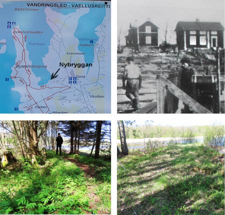Nybryggan där Jean Sibelius och Aino Järnefelt tog i land på väg till bröllopet som skulle hållas på Tottesunds militärboställe. Roddare från Skatan i Kvevlax var Anna Brita Hurr f. Mälsor. Bilden nere till vänster visar den stadigt byggda bryggan som då år 1892 bör ha stått en god bit över vattnytan. Nere till höger ser vi en förlängning som gjorts senare med fyllnadsjord. Kartan upp till vänster visar placeringen nära Herrgården. Uppe till höger är Haga Britos stuga på Skatan i Kvevlax. Skatan var en viktig fiskehamn. I Vassor bys historia IV på sidan 504 finns mera om bröllopsfärden och mera om "Haga Briit" finns på länken. Läs mera...
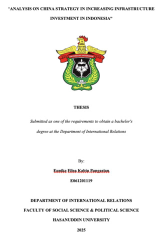 PANGARIAN, EUNIKE FILEA KABIU (2025) Analisis Strategi China dalam Meningkatkan Investasi Infrastruktur di Indonesia = Analysis on China Strategy in Increasing Infrastructure Investment in Indonesia. Skripsi thesis, Universitas Hasanuddin.
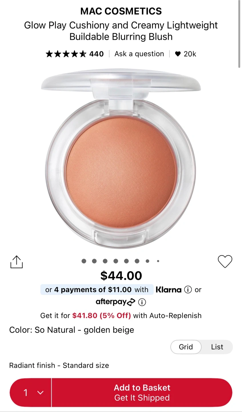 Selling Mac Cosmetics Glow Play Cushiony Blush - So Natural

■ ■ ■ ■ ■ ■ ■

● **Task directions**:
Without any pictures, print the whole listing again exactly as it stands.

● **Expected answer**:
Nybryggan där Jean Sibelius och Aino Järnefelt tog i land på väg till bröllopet som skulle hållas på Tottesunds militärboställe. Roddare från Skatan i Kvevlax var Anna Brita Hurr f. Mälsor. Bilden nere till vänster visar den stadigt byggda bryggan som då år 1892 bör ha stått en god bit över vattnytan. Nere till höger ser vi en förlängning som gjorts senare med fyllnadsjord. Kartan upp till vänster visar placeringen nära Herrgården. Uppe till höger är Haga Britos stuga på Skatan i Kvevlax. Skatan var en viktig fiskehamn. I Vassor bys historia IV på sidan 504 finns mera om bröllopsfärden och mera om "Haga Briit" finns på länken. Läs mera...
 PANGARIAN, EUNIKE FILEA KABIU (2025) Analisis Strategi China dalam Meningkatkan Investasi Infrastruktur di Indonesia = Analysis on China Strategy in Increasing Infrastructure Investment in Indonesia. Skripsi thesis, Universitas Hasanuddin.
 Selling Mac Cosmetics Glow Play Cushiony Blush - So Natural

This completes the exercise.